They created a literacy fair – working with organizations to donate books, to make the fair fun, to cover it in the media, to connect families with local institutions that could help, etc. The point of the fair was to spark a love of education in general, to show that education doesn’t end on the last day of school.

As they worked on the project, Cathleen’s students:

  • Used their research skills
  • Networked with community leaders
  • Wrote for local magazines
  • Learned about public relations and media
  • Connected their ELA skills to real-world work

And it was all for the purpose of helping their first grade friends. It all started when they realized their hard work would be lost, so they had a strong motivating reason behind their efforts.

 

Cathleen and her students at the literacy fair
 

Finally, Dealing with Failure

When it comes to project-based learning, of course there will be failures. Anytime, you hand over the reins of learning for a while, things get messy. But then, isn’t that how life really is?

Prepare for the fact that things will sometimes go wrong. Learning how to fail, safely, is a key skill with project-based learning. Help students to get accustomed to the idea that not everything works out, but they can come back from that.

Here are some strategies Marynn and Cathleen suggest for creating a culture in which students can deal with failure and build on it.

  • Have conversations about coping mechanisms they can use on a tough day. Share how you deal with failure, and invite them to share their strategies with each other too. Talk about this EARLY on in the PBL process. 
  • Plan opportunities for rest, relaxation, and reflection on what’s going well and what has been difficult. 
  • Talk about how to build on failures and use them to ignite future successes
  • Acknowledge the hurt and pain of failure. It’s OK for students to take a minute and feel bad before moving on and up. It’s pretty hard not to. 
  • Talk about engineers’ failure summits. Every time there’s a failure, it’s a piece of knowledge to use in building a better project next time. 
  • Keep in mind that openly discussing failure and approaching it generously as a community creates a culture of empathy. 
  • Consider using Marynn’s classroom mantra, “It’s OK to fail. It’s not OK not to try.” 

 

Keep all this in mind for yourself too! If you hit bumps along the way as you design your first PBL units, remember that it’s all valuable research for the next unit.

 
About Cathleen Beachboard and Marynn Dause
 
 
Cathleen Beachboard has worked for over a decade teaching and empowering students in her English Language Arts classes.

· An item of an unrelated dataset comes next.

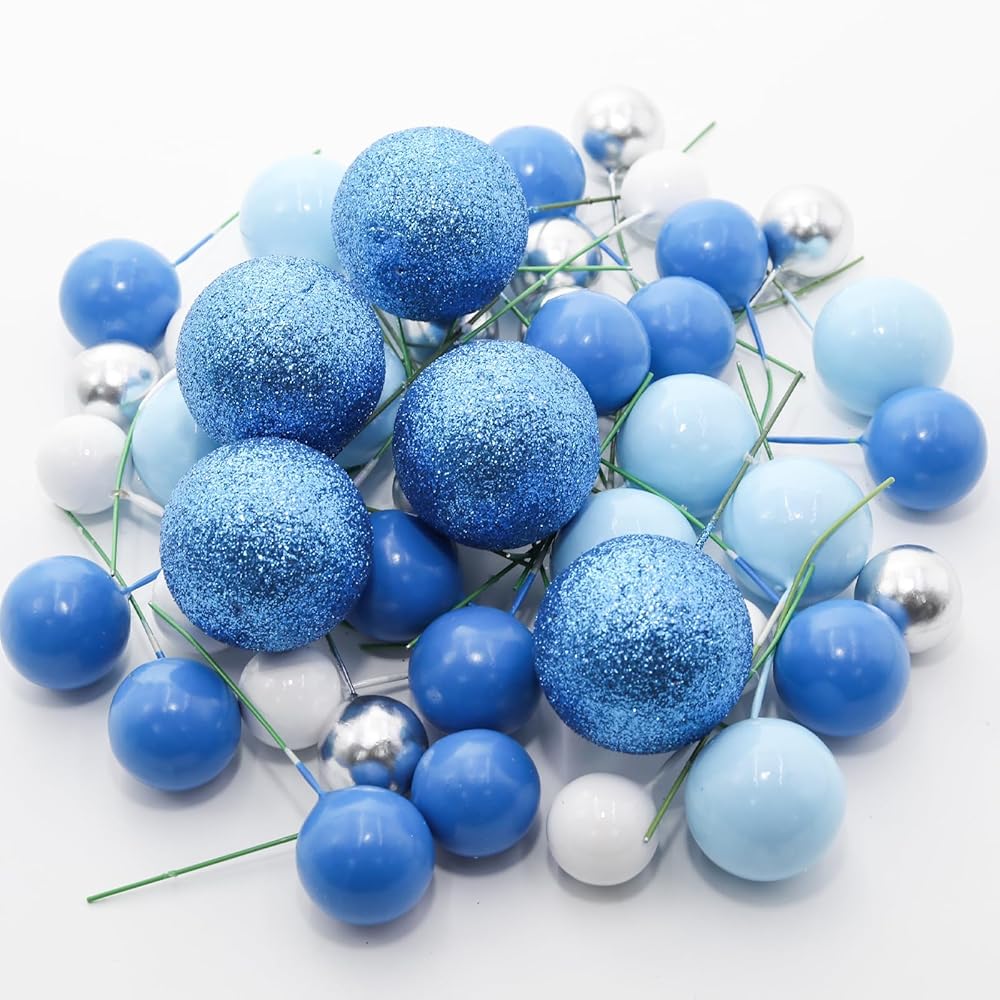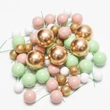 Size and Package: There are 50 pcs ball cake topper with different size, 5 pcs in 4cm/1.57" diameter, 10 pcs in 3cm/1.18" diameter, 15 pcs in 2.5cm/0.98" diameter, 20 pcs in 2cm/0.79" diameter

Growing up as a struggling dyslexic student, she learned the power of showing people their strengths instead of their weaknesses. Through an amazing student driven transformation (featured in this book) Cathleen learned the keys to empowerment. Her new life mission is to equip educators and students with the power and the ability to change the world.
 
 
Marynn Dause is a National Board Certified Teacher who seeks passion and purpose with all of her English Language Arts students. As a trauma survivor and adoptive mother of a teenaged son, Marynn deeply values the social-emotional aspects of education and champions trauma-informed care for all learners. Marynn’s goal is to help her students live well by becoming “heroes in their own lives.”
 
 
Check out the Unlocking Heroes Website
 
Follow #unlockingheroes on Twitter. 
Follow #unlockingheroes on Instagram

 

Want to try a fresh discussion strategy that engages your students in critical thinking while also improving their group dynamics and creating that focused  buzz of conversation in your classroom that you love? Try using my free digital hexagonal thinking kit. It has everything you need to get started with this popular classroom tool. Click here to sign up for this free resource.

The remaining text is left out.